Below are entries with pictures in them. Output exactly the lines starting at the line with "In the winter" and ending at the line with "Kit Caneta Bico", both included, but not the pictures.

Top of Records supplied

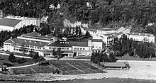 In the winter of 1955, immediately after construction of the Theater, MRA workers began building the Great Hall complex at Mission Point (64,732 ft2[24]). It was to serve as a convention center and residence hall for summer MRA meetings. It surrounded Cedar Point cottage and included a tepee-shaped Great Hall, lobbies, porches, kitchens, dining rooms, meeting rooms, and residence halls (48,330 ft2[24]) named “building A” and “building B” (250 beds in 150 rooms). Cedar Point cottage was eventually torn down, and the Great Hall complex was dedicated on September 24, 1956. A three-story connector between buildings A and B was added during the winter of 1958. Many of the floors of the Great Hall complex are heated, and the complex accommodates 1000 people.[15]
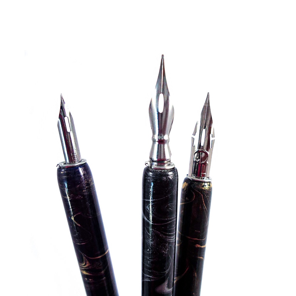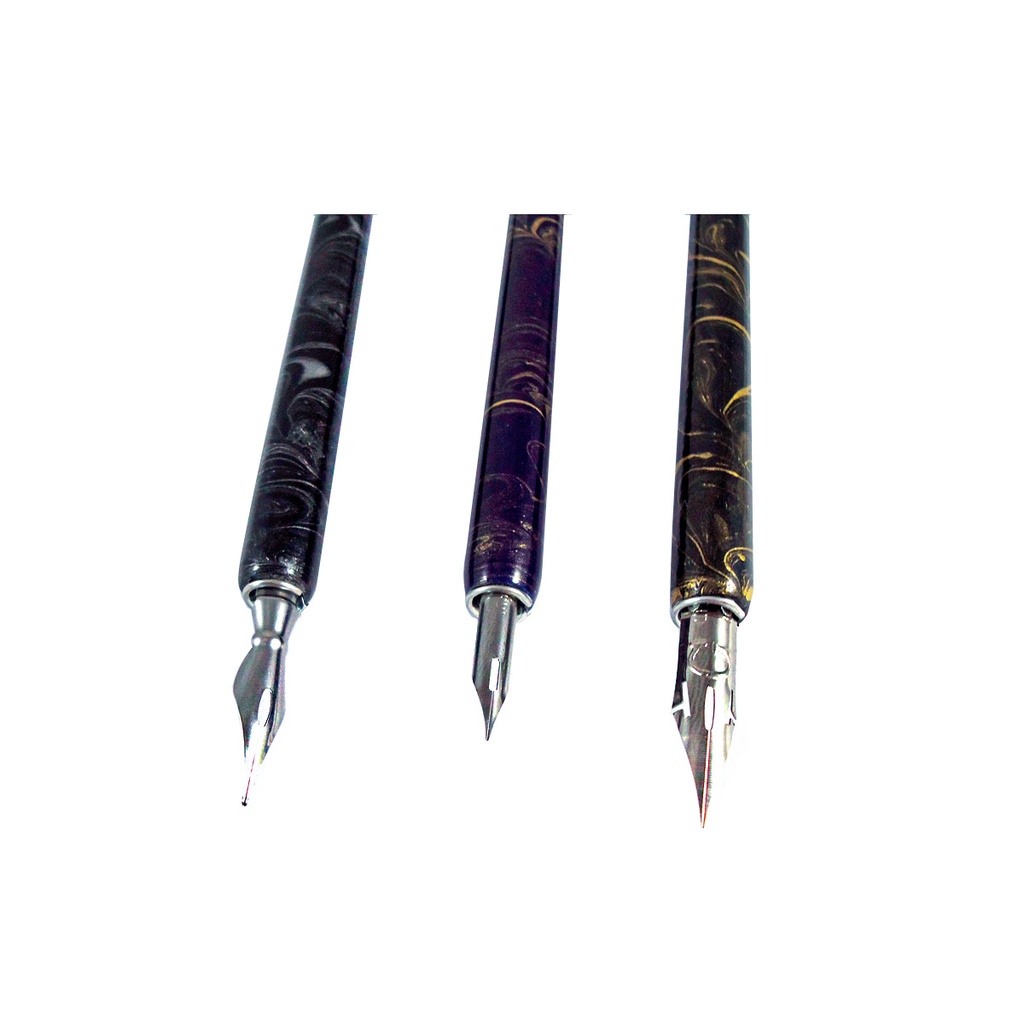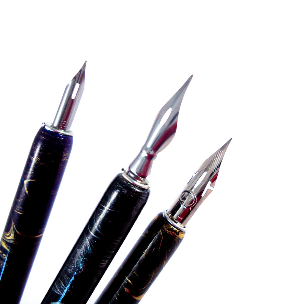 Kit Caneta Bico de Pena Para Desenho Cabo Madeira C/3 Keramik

Bottom of Records supplied
Top of Records supplied

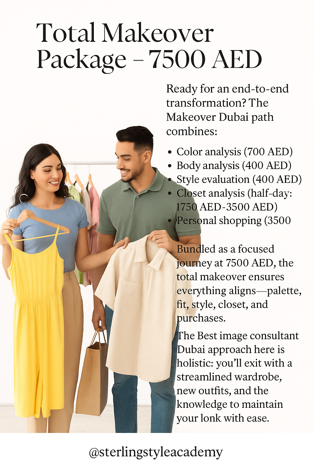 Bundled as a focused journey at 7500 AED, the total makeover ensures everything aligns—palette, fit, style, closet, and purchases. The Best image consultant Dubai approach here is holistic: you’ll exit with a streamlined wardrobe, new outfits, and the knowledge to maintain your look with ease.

Bottom of Records supplied

_Solution to this problem_.
 In the winter of 1955, immediately after construction of the Theater, MRA workers began building the Great Hall complex at Mission Point (64,732 ft2[24]). It was to serve as a convention center and residence hall for summer MRA meetings. It surrounded Cedar Point cottage and included a tepee-shaped Great Hall, lobbies, porches, kitchens, dining rooms, meeting rooms, and residence halls (48,330 ft2[24]) named “building A” and “building B” (250 beds in 150 rooms). Cedar Point cottage was eventually torn down, and the Great Hall complex was dedicated on September 24, 1956. A three-story connector between buildings A and B was added during the winter of 1958. Many of the floors of the Great Hall complex are heated, and the complex accommodates 1000 people.[15]
 Kit Caneta Bico de Pena Para Desenho Cabo Madeira C/3 Keramik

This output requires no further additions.